If you change 50% of the water, it will get the nitrate down to 80ppm, which is still bad. Do this *today*, and another 50% tomorrow. Ideally, this will get nitrate down to 40-50ppm, which is tolerable, but still high. Test again every day next week, and whenever the nitrate is over 40ppm, do a 50% change. After you figure out a schedule that will keep nitrate to a safe level, you can test less frequently if you keep up that schedule. Your fish will continue to grow and increase the bioload, so the schedule will have to change too.
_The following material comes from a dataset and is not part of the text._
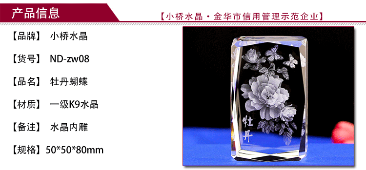 浦江小桥水晶工艺品有限公司成立于2001年,是一家集设计、生产、销售于一体的浦江县水晶工艺品行业头部企业。本公司现有员工160多人,办公面积1000多平方米,生产仓储面积6000多平方米。主要生产水晶激光内雕、奖杯奖牌,工艺摆件等水晶工艺品,产品定位高端,附加值较高,主要销往美国、日本、欧洲等发达国家,是众多世界知名企业的水晶礼品生产厂家。年自营出口300万美元左右。连续10多年成为浦江县纳税超100万企业。

JDs can be long-lived fish under good conditions. I know of two that lived to 15 and 18 years old. They can tolerate cool temperatures very well. The 18 year old fish was kept at temps in the 50sF (low teens C) in winter. Cooler temps will slow metabolism and reduce bioload if you also cut way back on feeding.

The pH is fine at 7.8. JDs come from Central America where they live in streams and rivers in limestone areas. They like fairly hard, alkaline water.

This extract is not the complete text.